Our previous studies reveal that indolizinoquinolinedione scaffold is a base to develop novel DNA topoisomerase IB (TOP1) catalytic inhibitors. In this work, twenty-three novel indolizinoquinolinedione derivatives were synthesized. TOP1-mediated relaxation, nicking and unwinding assays revealed that three fluorinated derivatives 26, 28 and 29, and one N,N-trans derivative 46 act as TOP1 catalytic inhibitors with higher TOP1 inhibition (++++) than camptothecin (+++) and without TOP1-mediated unwinding effect. MTT assay against five human cancer cell lines indicated that the highest cytotoxicity is 20 for CCRF-CEM cells, 25 for A549 and DU-145 cells, 26 for HCT116 cells, and 33 for Huh7 cells with GI₅₀ values at nanomolar range. The drug-resistant cell assay indicated that compound 26 may mainly act to TOP1 in cells and are less of Pgp substrates. Flow cytometric analysis showed that compounds 26, 28 and 29 can obviously induce apoptosis of HCT116 cells. Moreover, the structure-activity relationship (SAR) of indolizinoquinolinedione derivatives was analyzed.

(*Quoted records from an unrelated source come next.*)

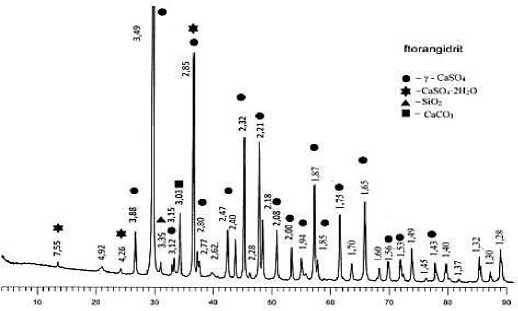 Рентгенофазовый анализ фторангидрита показал преобладание в нем растворимого сульфата кальция γ -CaSO 4 (рис. 1).
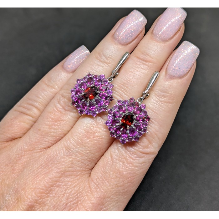 С4603Natural Mozambique Garnet 16.0 X 12.0 MM.Вага 4.87 гр.Срібло 925 проби покрите білим золотом.Розмір каміння - 1.0 TO 9.0 X 7.0 MM.Чистота - If.Обробка - Unheated.Походження - Africa...
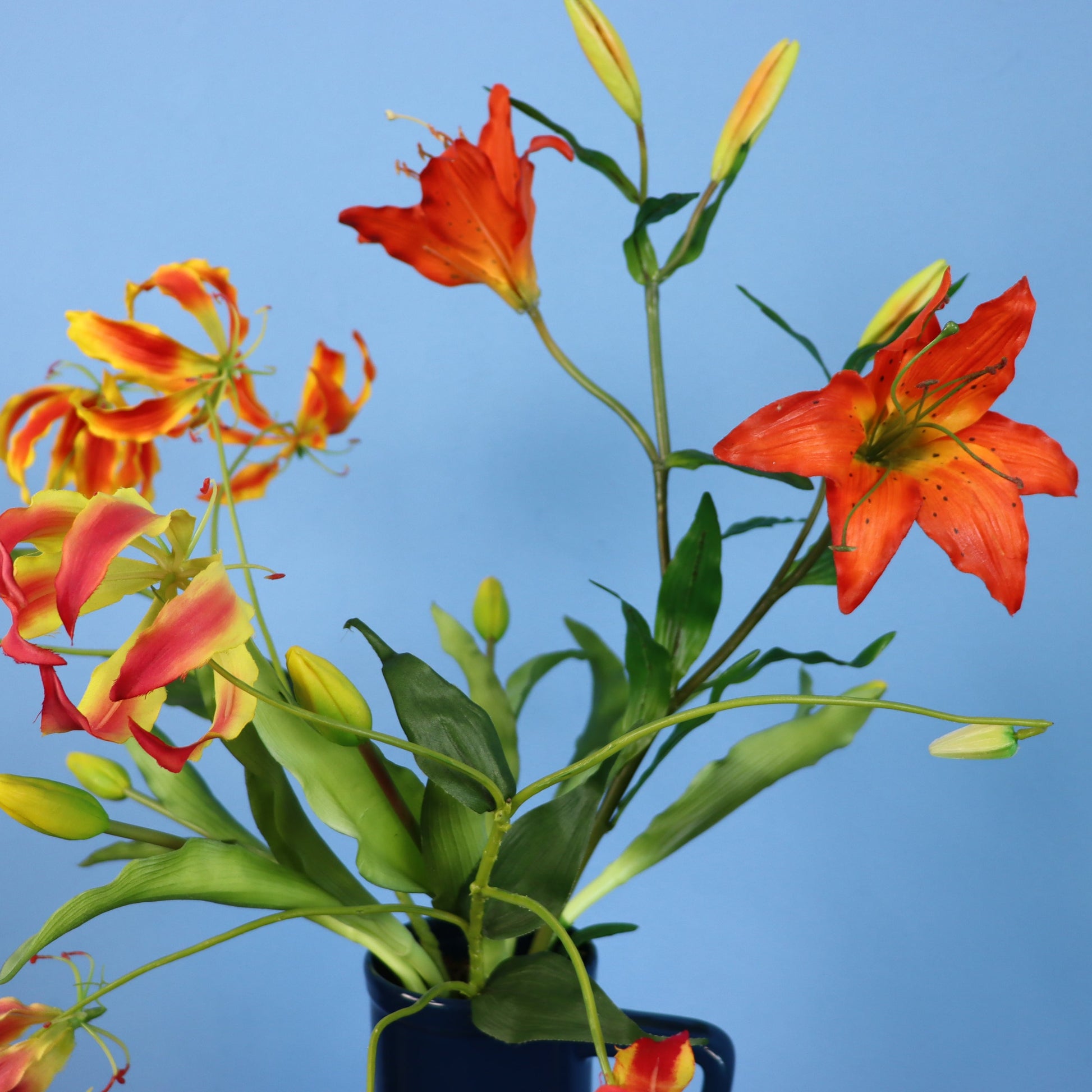 Prachtige blauwe Return to Sender vaas met een najaarsboeket.
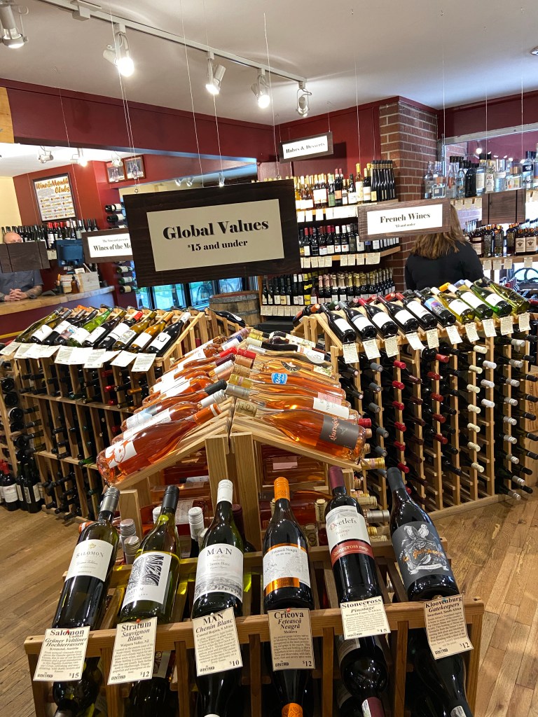 The Vineyard, which has been open since 1971, is a small store but with a basement full of wine shelved by its country of origin. Again, we handed the clerk the magazine article and asked if they could match any. They had one red wine, a Pinot noir, for only $12, same price as the magazine. We loved the basement and the signs under each wine explaining interesting facts such as a vineyard was over 100 years old. The clerk was not as energetic as the Mondo shop and delivery options were much more expensive .
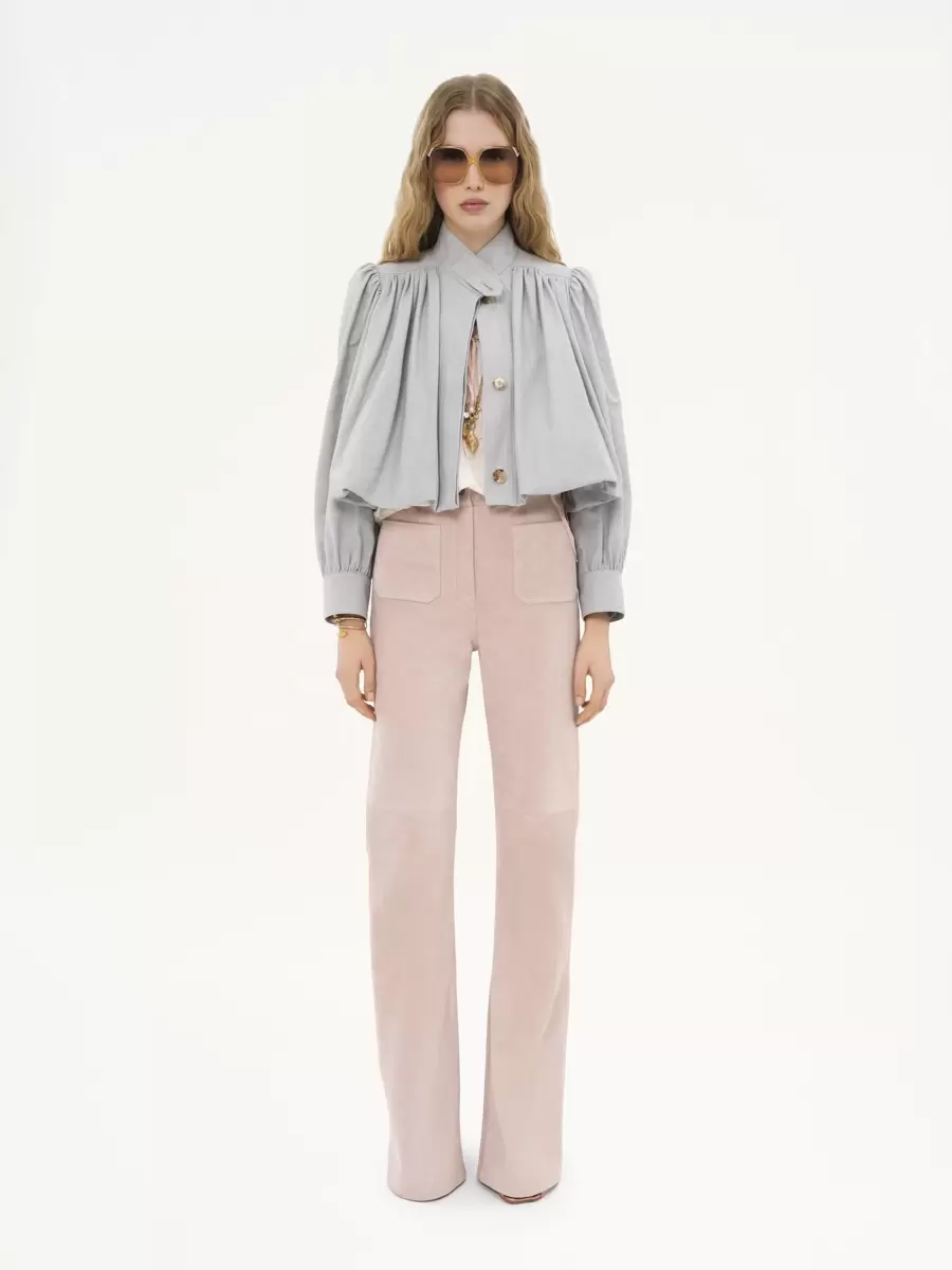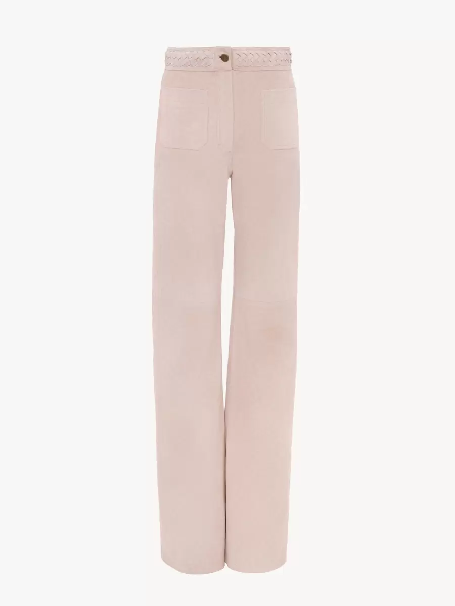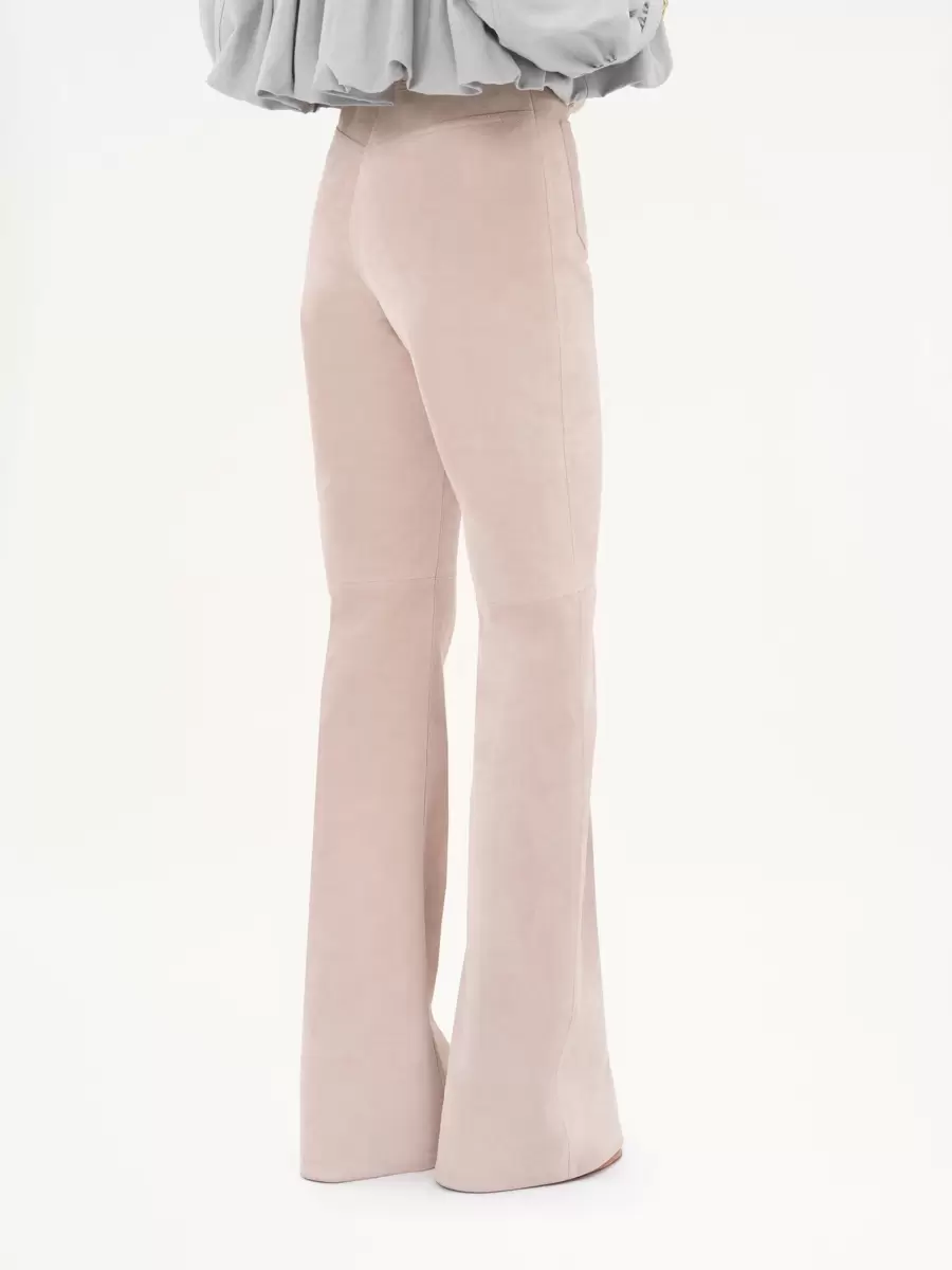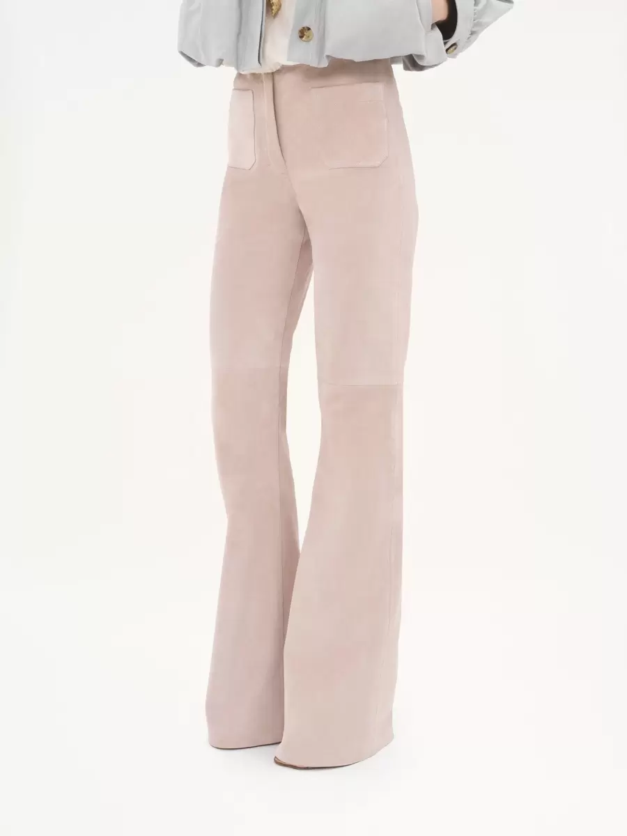 High-rise flared pants in soft suede nappa leather, featuring patch pockets and a braided trim around the waist.

我们以前的研究表明，吲哚izinoquinolinedione支架是开发新型DNA拓扑异构酶IB（TOP1）催化抑制剂的基础。在这项工作中，合成了二十三种新颖的吲哚并喹啉二酮衍生物。TOP1介导的松弛，切口和退绕实验表明，3个氟化衍生物26，28和29，和一个N，N-反式衍生物46充当TOP1催化抑制剂具有较高TOP1抑制（++++）比喜树碱（+++ ），并且没有TOP1介导的放卷效果。针对五种人类癌细胞系的MTT分析表明，CCRF-CEM细胞的最高细胞毒性为20，A549和DU-145细胞的最高细胞毒性为25，HCT116细胞为26，而Huh7细胞为33，GI ₅₀值在纳摩尔范围内。耐药细胞分析表明，化合物26可能主要作用于细胞中的TOP1，并且是较少的Pgp底物。流表明，化合物流式细胞分析26，28和29可以明显地诱导细胞凋亡HCT116细胞的。此外，分析了吲哚izinoquinolinedione衍生物的构效关系（SAR）。